Most RAG systems start with a familiar shape: embed the query, retrieve the top results, pass them into a model, and generate an answer.
That shape is useful, but it is not enough for agentic work. Multi-step questions, ambiguous follow-ups, source-specific constraints, and weak evidence all break the assumption that the nearest chunks are automatically the right context.
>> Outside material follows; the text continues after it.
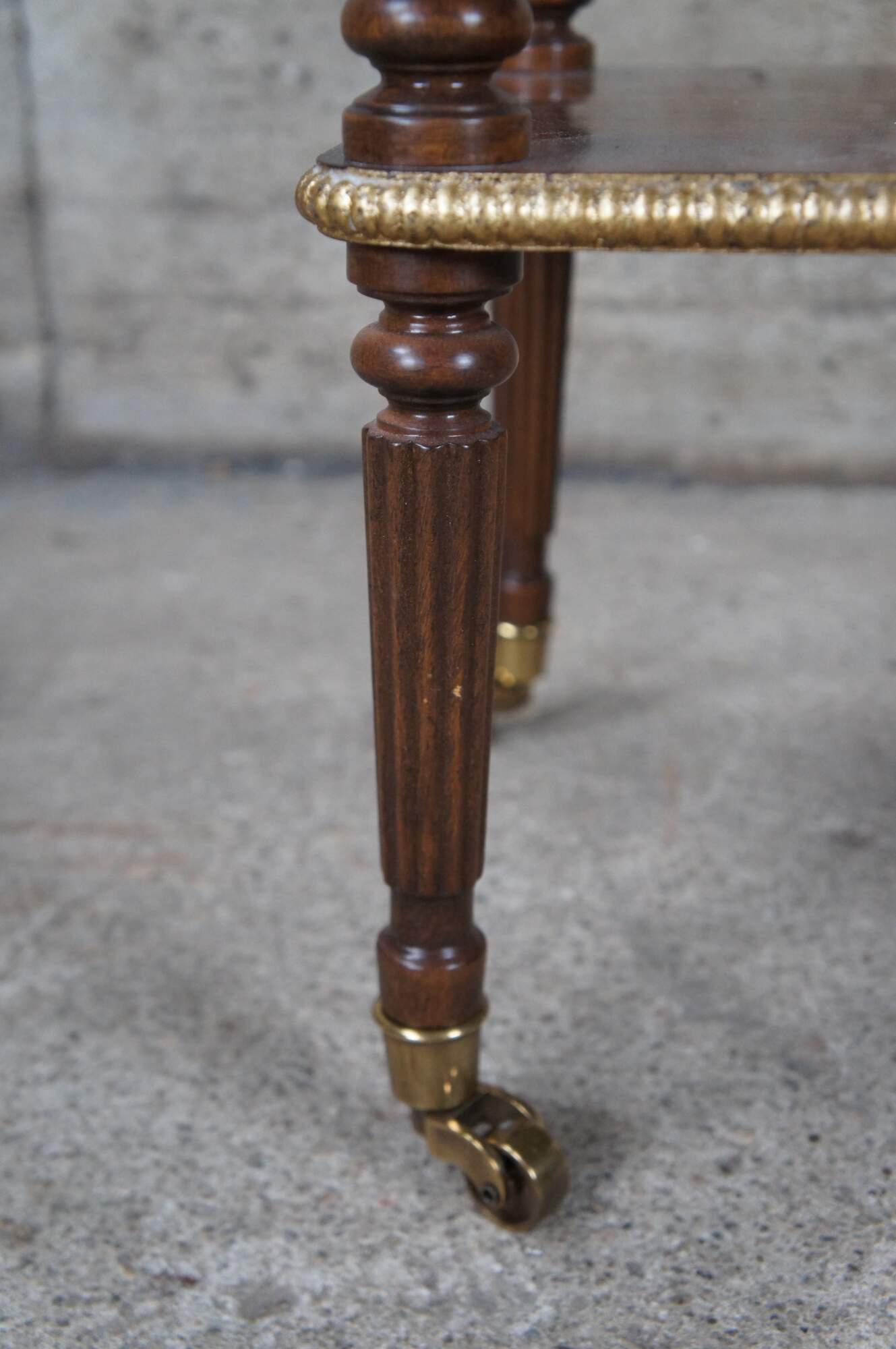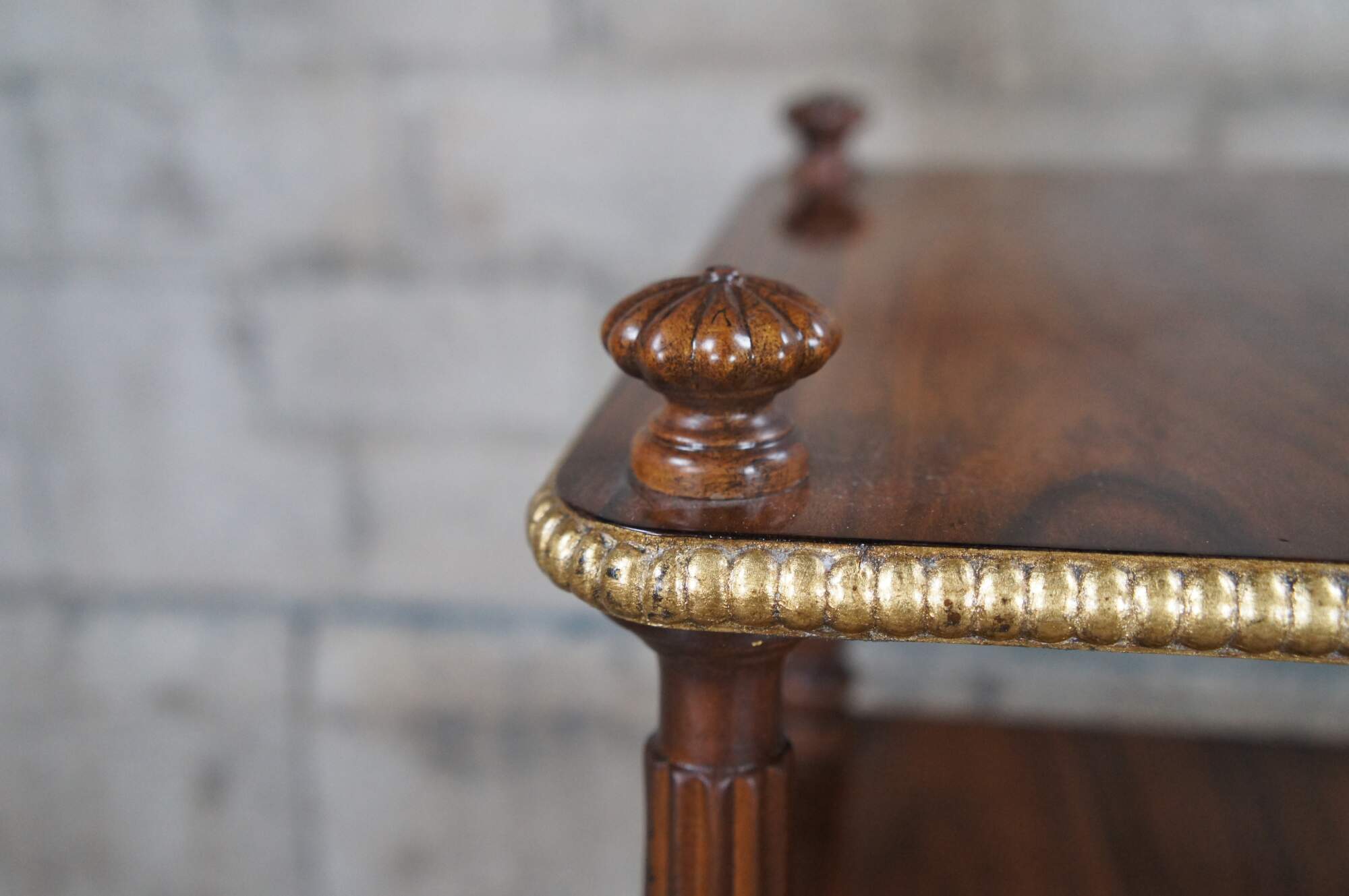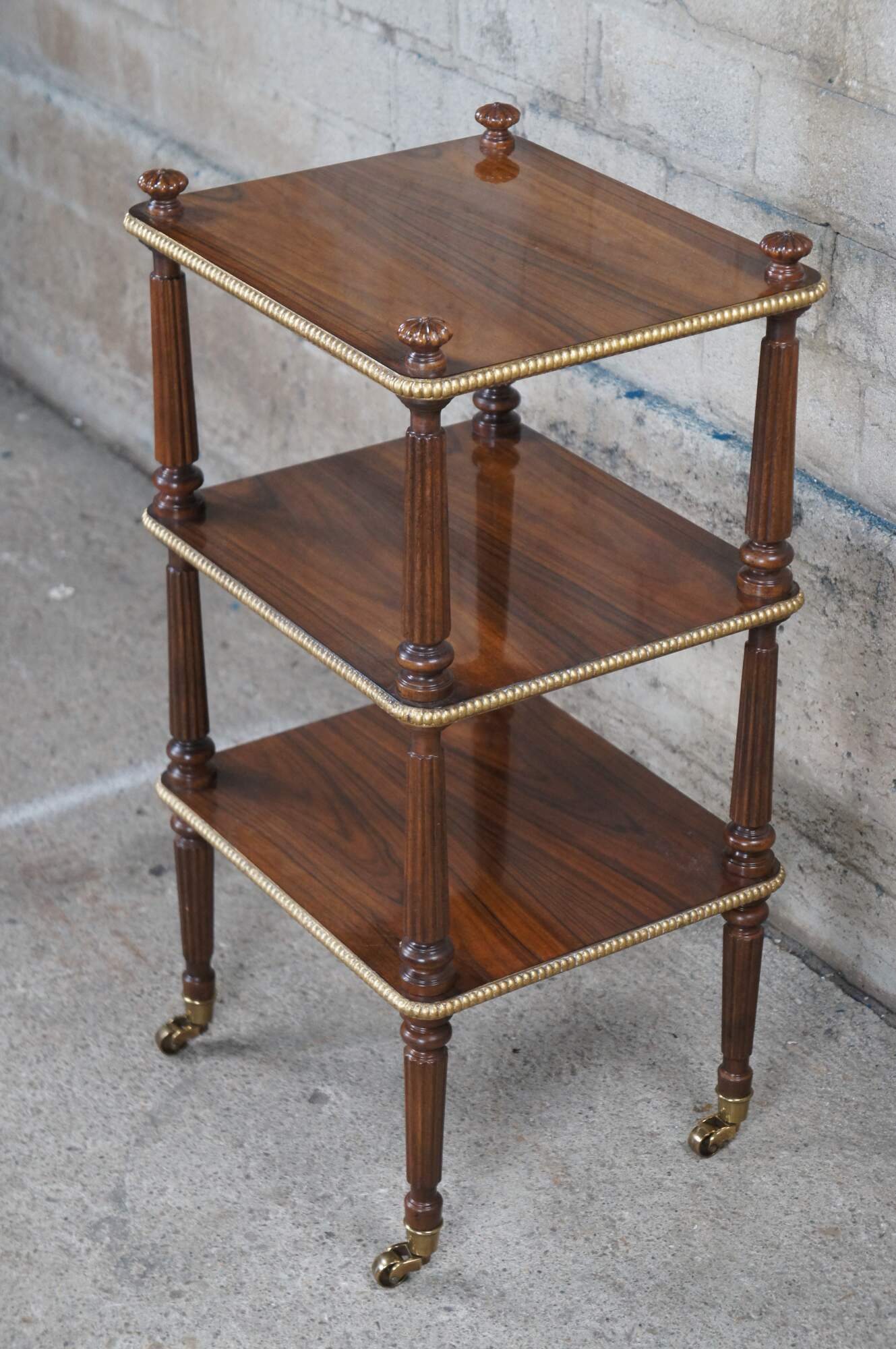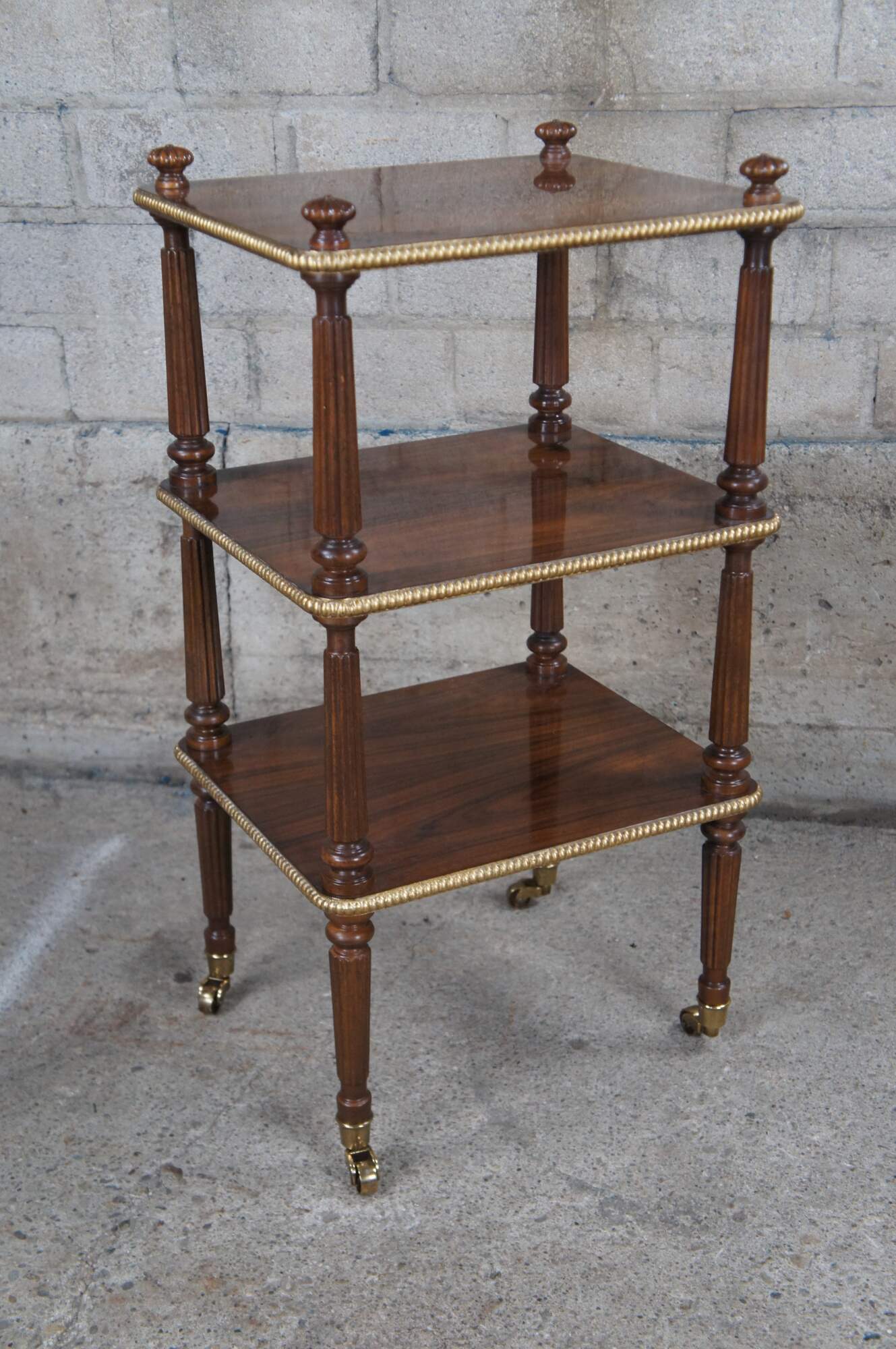 Vintage Baker Stately Homes Collection bar cart, side table or stand. Made of rosewood featuring tiered design with gilded gadrooned edges, turned and fluted columns, ornate finials and brass castors.

The boundary we care about
Cortagent's Agentic RAG keeps four stages separate:
| Stage | Purpose | Failure if collapsed |
|---|---|---|
| Retrieval | Find candidate context | Irrelevant context enters the answer path |
| Evidence selection | Decide what is usable | Weak chunks become treated as proof |
| Reasoning | Work over selected evidence | The model fills gaps from prior knowledge |
| Answer synthesis | Produce a grounded response | The answer cannot be traced |
Engineering position
Retrieval is not a pre-step. It is part of the reasoning loop and has to remain inspectable.
Why top-k is incomplete
Top-k retrieval answers one narrow question: which chunks are closest under the configured scoring method?
It does not answer:
- whether the query is simple or complex,
- whether a follow-up needs conversation state,
- whether lexical matching matters more than semantic similarity,
- whether the evidence is strong enough,
- or whether the system should stop and ask for clarification.
What Agentic RAG changes
Agentic RAG adds control points around retrieval. The system can inspect the query, choose retrieval paths, select evidence, and preserve traceability before synthesis.
That does not make every answer correct. It gives the system places to fail explicitly instead of hiding weak retrieval inside fluent text.